■ **SOURCE DATA**:
────────────────────

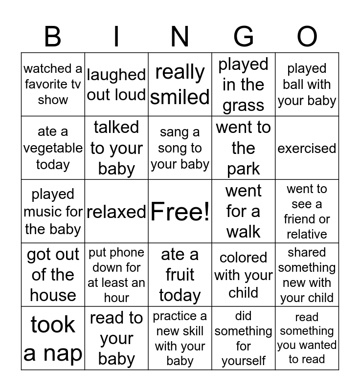 This bingo card has a free space and 24 words: put phone down for at least an hour, read to your baby, sang a song to your baby, took a nap, played ball with your baby, watched a favorite tv show, ate a vegetable today, laughed out loud, went for a walk, ate a fruit today, went to the park, played music for the baby, colored with your child, shared something new with your child, talked to your baby, did something for yourself, went to see a friend or relative, really smiled, exercised, relaxed, read something you wanted to read, got out of the house, played in the grass and practice a new skill with your baby.
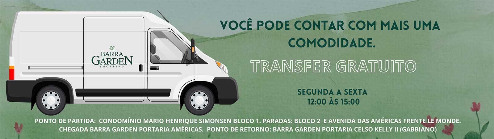 O Transfer é um serviço de transporte através de uma van para os clientes que estão no centro empresarial Mario Henrique Simonsen e Le Monde que querem vir para o Barra Garden Shopping.
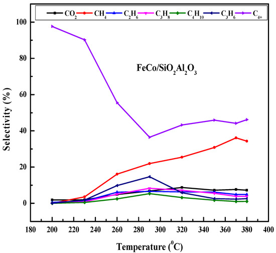 Figure 9 shows the effect of the reaction temperature on the CO conversion and product selectivity of the FeCo/SiO2Al2O3 catalyst. Initially, the CO conversion increased slowly up to 290 °C and then increased sharply to 57.7% at 320 °C. After that, the CO conversion increased further at higher temperatures. The CH4 selectivity increased up to 370 °C and then decreased [58]. The increasing trend in CH4 selectivity indicates that the catalyst was active for the methanation reaction. The presence of cobalt in the catalyst may facilitate the activation of CO2 (a byproduct of the FTS process), which can react with H2 to form CH4 [59]. At 290 °C, the selectivity for both CH4 (C1) and light hydrocarbons (C2-C4) reached their maximum, after which selectivity declined at higher temperatures (290–380 °C). In contrast, C4+ selectivity showed a decreasing trend with rising temperature up to 290 °C, then stabilized and remained nearly constant at higher temperatures. This is due to the higher reduction degree, lack of agglomeration of particles, and proper core–shell structure of this catalyst. The TPR, SEM, and TEM (Figure S2 (See Supplementary file)) results support the enhanced catalytic activity of this catalyst.
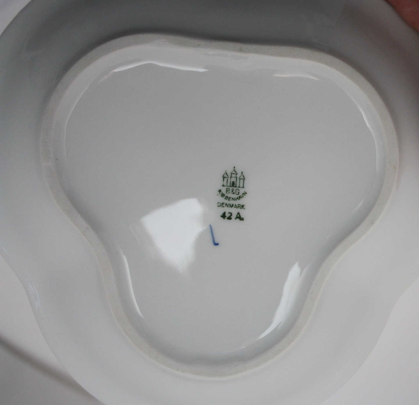 Bing & Grøndahl, Julerose, Kantet bladassiet. Nr. 42A. Højde 3 cm. Længde 20,5 cm. Bredde 19 cm. II. sortering. Pris: 150 kr. stk. Lager: 1
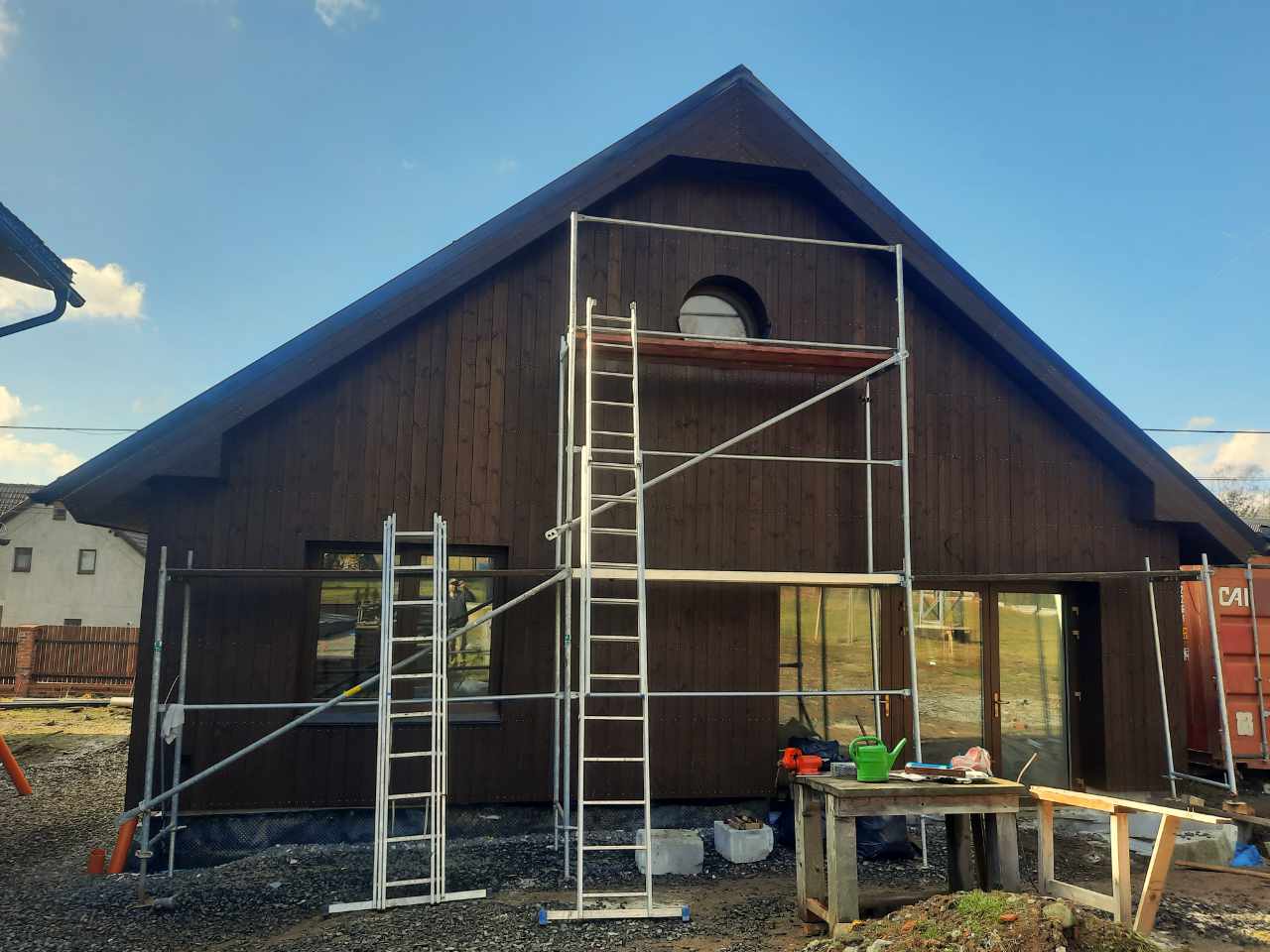 V Novém Oldřichově jsme zateplili zděnou dílnu a realizovali provětrávanou fasádu z palubek, natřených lazurou Osmo. Spojení zateplení a kvalitního dřeva přináší lepší tepelnou izolaci a elegantní vzhled stavby.
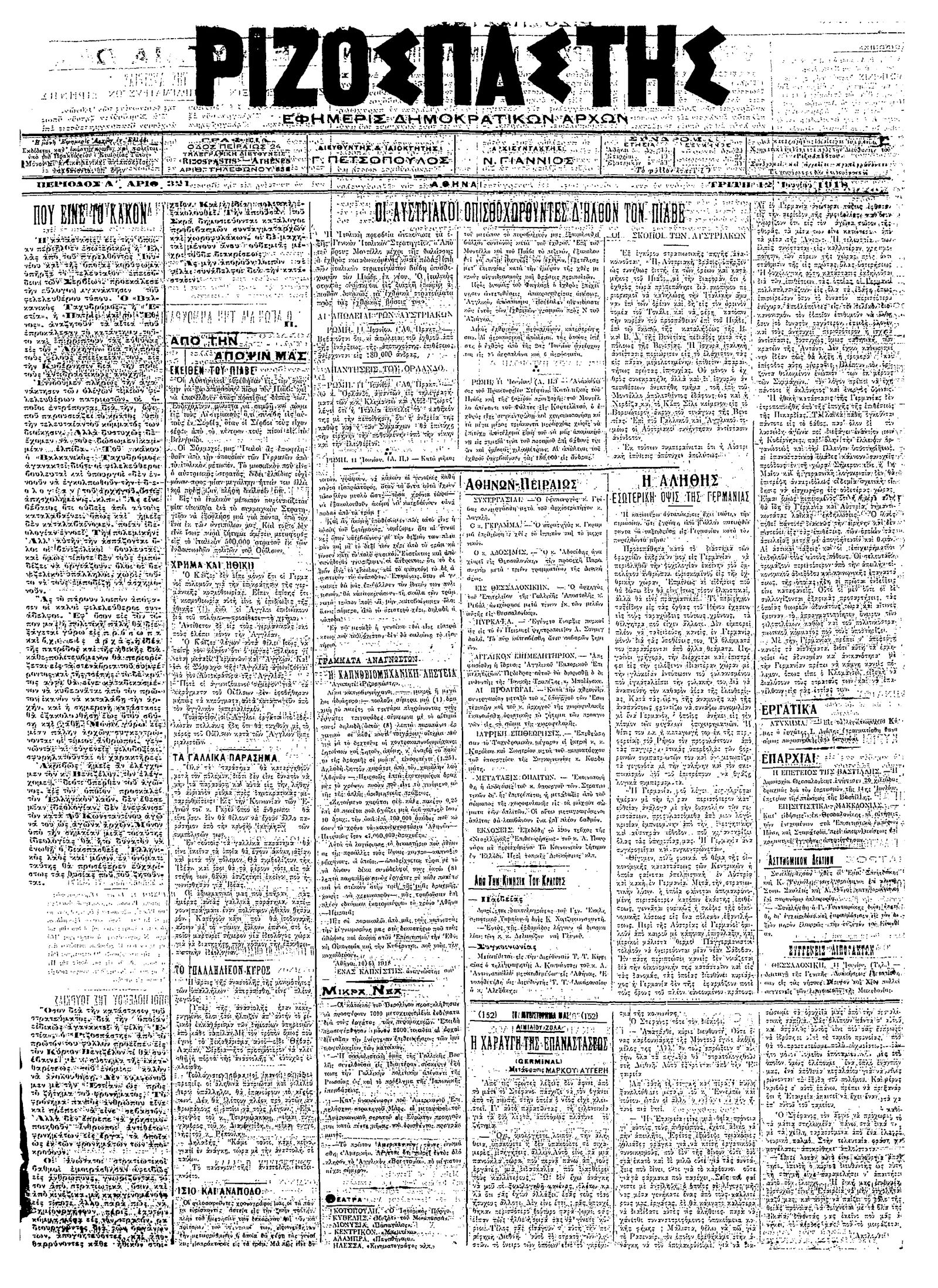 Ριζοσπάστης 12/06/1918

────────────────────

■ **WHAT TO PRODUCE**: The entries above are to be repeated exactly, except for any pictures.

■ **WRITTEN ANSWER**:
 This bingo card has a free space and 24 words: put phone down for at least an hour, read to your baby, sang a song to your baby, took a nap, played ball with your baby, watched a favorite tv show, ate a vegetable today, laughed out loud, went for a walk, ate a fruit today, went to the park, played music for the baby, colored with your child, shared something new with your child, talked to your baby, did something for yourself, went to see a friend or relative, really smiled, exercised, relaxed, read something you wanted to read, got out of the house, played in the grass and practice a new skill with your baby.
 O Transfer é um serviço de transporte através de uma van para os clientes que estão no centro empresarial Mario Henrique Simonsen e Le Monde que querem vir para o Barra Garden Shopping.
 Figure 9 shows the effect of the reaction temperature on the CO conversion and product selectivity of the FeCo/SiO2Al2O3 catalyst. Initially, the CO conversion increased slowly up to 290 °C and then increased sharply to 57.7% at 320 °C. After that, the CO conversion increased further at higher temperatures. The CH4 selectivity increased up to 370 °C and then decreased [58]. The increasing trend in CH4 selectivity indicates that the catalyst was active for the methanation reaction. The presence of cobalt in the catalyst may facilitate the activation of CO2 (a byproduct of the FTS process), which can react with H2 to form CH4 [59]. At 290 °C, the selectivity for both CH4 (C1) and light hydrocarbons (C2-C4) reached their maximum, after which selectivity declined at higher temperatures (290–380 °C). In contrast, C4+ selectivity showed a decreasing trend with rising temperature up to 290 °C, then stabilized and remained nearly constant at higher temperatures. This is due to the higher reduction degree, lack of agglomeration of particles, and proper core–shell structure of this catalyst. The TPR, SEM, and TEM (Figure S2 (See Supplementary file)) results support the enhanced catalytic activity of this catalyst.
 Bing & Grøndahl, Julerose, Kantet bladassiet. Nr. 42A. Højde 3 cm. Længde 20,5 cm. Bredde 19 cm. II. sortering. Pris: 150 kr. stk. Lager: 1
 V Novém Oldřichově jsme zateplili zděnou dílnu a realizovali provětrávanou fasádu z palubek, natřených lazurou Osmo. Spojení zateplení a kvalitního dřeva přináší lepší tepelnou izolaci a elegantní vzhled stavby.
 Ριζοσπάστης 12/06/1918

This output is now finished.